= Oncotripsy =

Potential cancer therapy using ultrasound harmonic excitation

Oncotripsy is a potential cancer therapy under development that selectively targets cancer cells by means of ultrasound harmonic excitation at their resonance frequency. It is a type of therapeutic ultrasound.

== Approaches ==
A low intensity (ISPTA < 5 W/cm2) pulsed ultrasound (LIPSA) approach can exploit the mechanical properties of neoplastic cells to target them for destruction. Ultrasound applied at a frequency of 0.5–0.67 MHz for >20 ms causes selective disruption of a panel of breast, colon, and leukemia cancer cell models in suspension without significantly damaging healthy immune or red blood cells. The approach produces acoustic standing waves and cell-seeded cavitation that leads to cytoskeletal disruption, expression of apoptotic markers, and cell death.

A geometric cell model includes cytoplasm, nucleus and nucleolus, as well as the cell membrane and nuclear envelope. A modal analysis reveals the existence of a spectral gap between the resonant growth rates of healthy and cancerous cells along with their natural frequencies.

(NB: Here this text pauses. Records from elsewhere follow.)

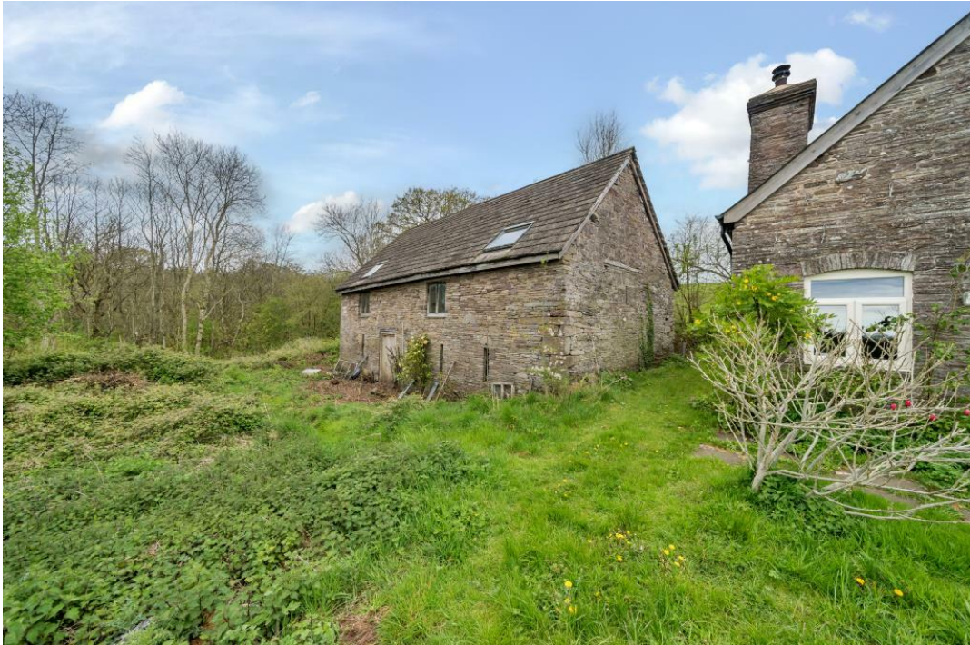
18 of 23Photos
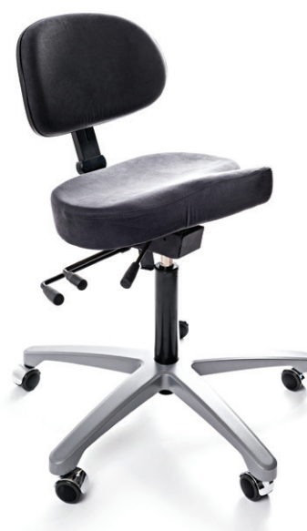
S10 Standing support chair 18 cm gas lift
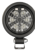
Part Number 1403481 12-24V LED Heated Work Light with Spot Beam Pattern
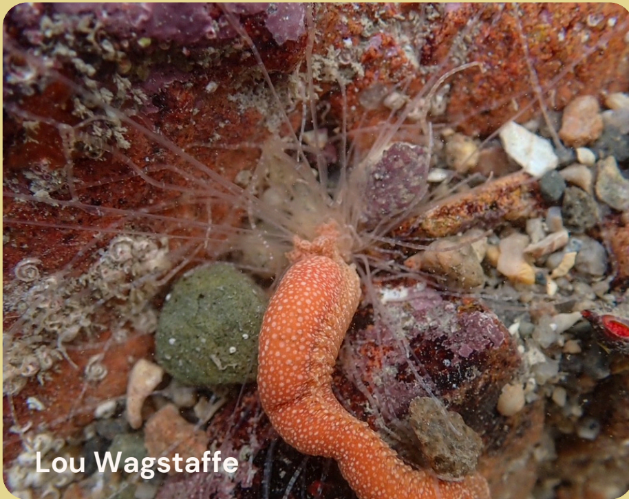
Eupolymnia nebulosa (Strawberry Worm)
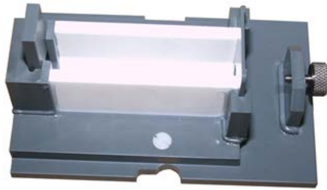
Fig. 8 (Pos. 94-110)

Kindly indicate the disc thickness when placing your order. One diamond tackdown fixture for each disc thickness.
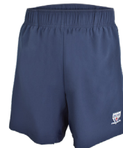
Sports Short (Foundation to Year 12)
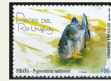
Red-bellied Piranha (Pygocentrus nattereri)

After blocking off part of the river and starving the piranhas for several days, they pushed a cow into the
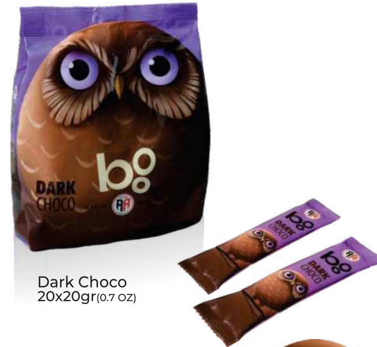
Dark Choco 20x20gr(0.7 oz)
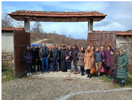
Figure 19: In the Monastery of German
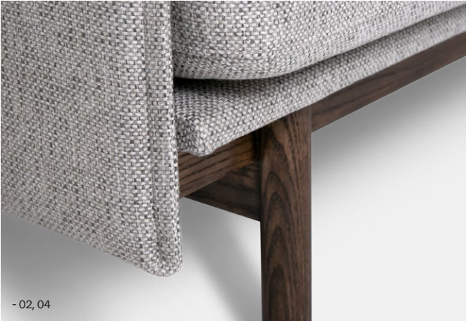
- 02, 04
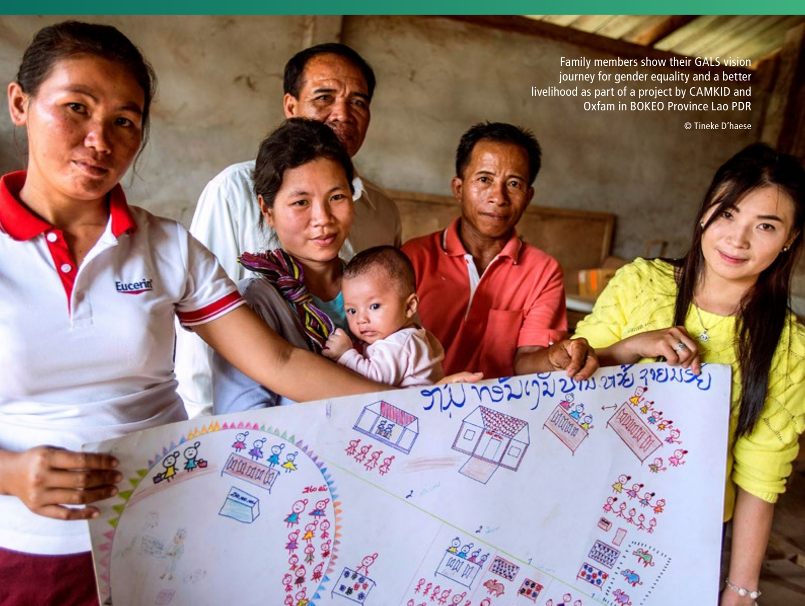
Family members show their GALS vision journey for gender equality and a better livelihood as part of a project by CAMKID and Oxfam in BOKEO Province Lao PDR
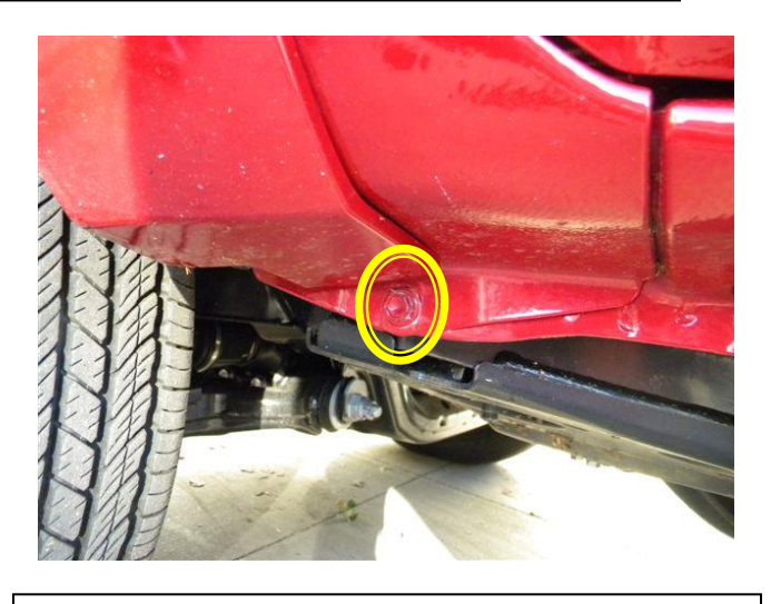
STEP 4: Again using a 10mm socket, remove the screw from the body sheet metal join referenced in STEP 5 as Special Note area "A" and retain for later re-installation.
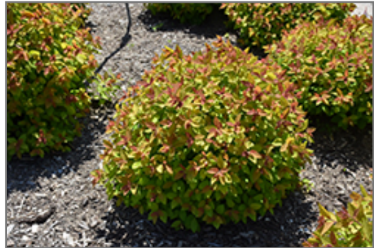
Double Play Big Bang Spirea

Simulation reveals the nonlinear transient response of healthy and cancerous cells at resonance. Cancerous cells can selectively be taken to lysis via excitation without damage to healthy cells.

== History ==
Ultrasound has been used a cancer therapy since the 1930s. Initially, high-intensity beams were used to heat and destroy cells. Separately, contrast agents were injected prior to ultrasound, which then destroyed nearby cells. However, heat can harm healthy cells as well as cancer cells, and contrast agents work for only a few tumors.

In 2016 a resonant therapy technique was announced.

In 2020 a low-intensity resonant approach was demonstrated to selectively destroy tumor cells in vitro. As of this announcement the approach had not been tested in live animals.